The Province should also work with businesses, municipal governments, public health and economic development departments, and other agencies to build the capacity needed to bring local food infrastructure back to Ontario.
A review of regulations that hamper small food enterprise could also lead to the creation of new jobs in Ontario. In rural, suburban, and urban parts of the province, entrepreneurs are finding unclear and outdated, intelligence-challenging regulations that don’t affect health, safety, or the environment, but hamper their ability to undertake a business venture.
PC MPP Ernie Hardeman has launched a survey of food processors, asking what regulations are causing headaches and to determine how the sector can be better supported. Some regulations don’t work for small-scale local enterprises and have resulted in closures. Governments need to be leading or supporting, not hindering the local economy.

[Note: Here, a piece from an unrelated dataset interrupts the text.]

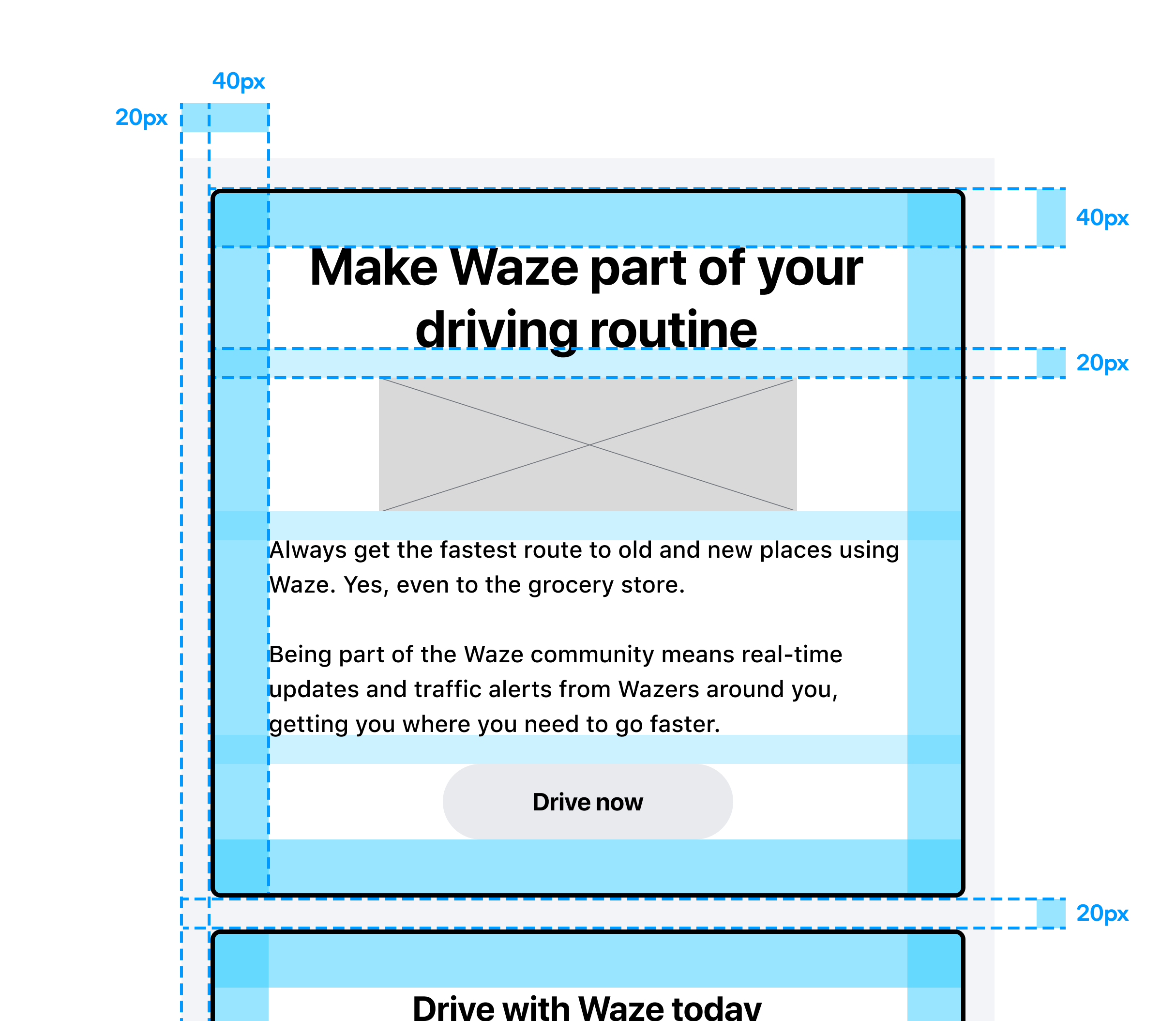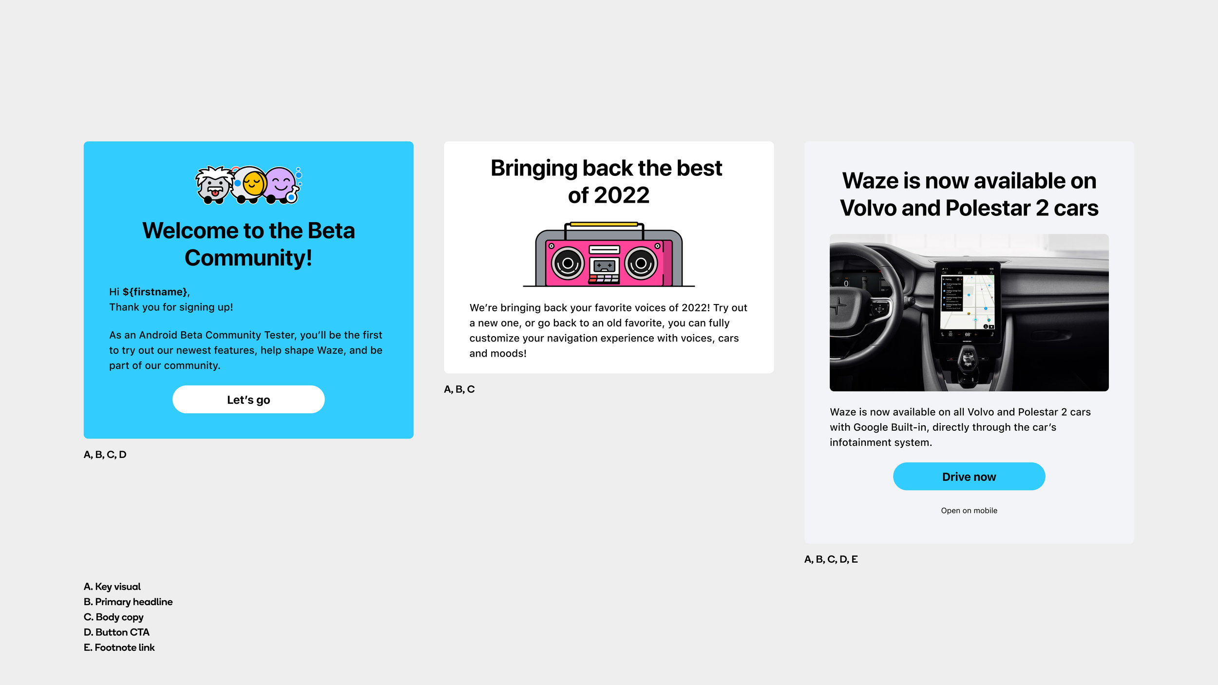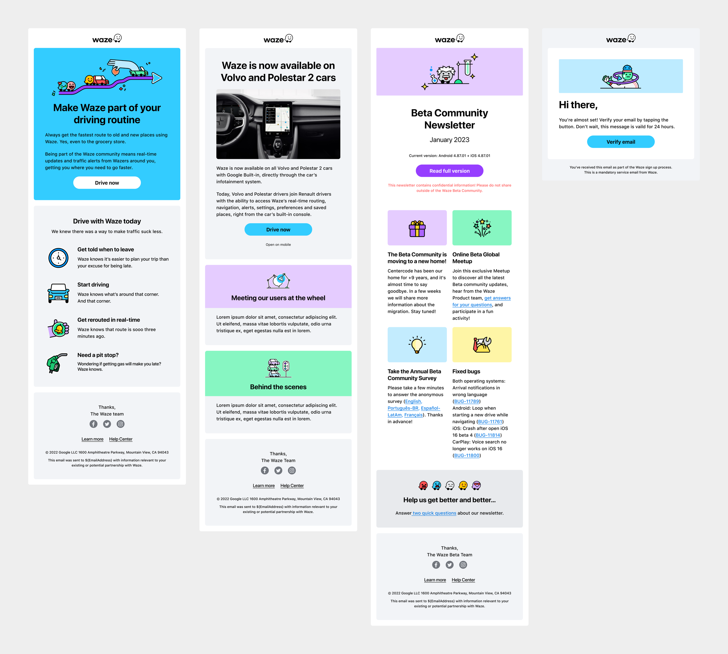 Design direction for evolving Waze’s email design system, ensuring alignment with Google’s ADA accessibility standards, finding more opportunities to imbue the Waze brand, keeping within the limitations of our internal tools, and building a modular system that teams can quickly put together multiple comms with.

Finally, the government can create jobs by investing in our communities, as has been proposed by the Green Party. Community food solutions from social entrepreneurs and non-profit organizations are forming healthier communities through community development programs, food literacy, and local economic development. Their work is often high-impact but low-budget. Governments have been largely missing in action, and must engage more closely with this on the ground work.
Providing stable community grants and funding to this work would be money well spent in creating good food sector jobs. Shifting a relatively small funding pool through in any of a number of ministries could be used by organizations to implement preventative health solutions while creating multiplier social and economic effects. Young people are ready with the skills and passion to work in this area and to show results.
By focusing on strong good food procurement and capacity, better regulations, and community funding, we can create healthier urban centres alongside more vibrant rural communities. The quicker we act, the sooner we see more people employed in this most critical sector.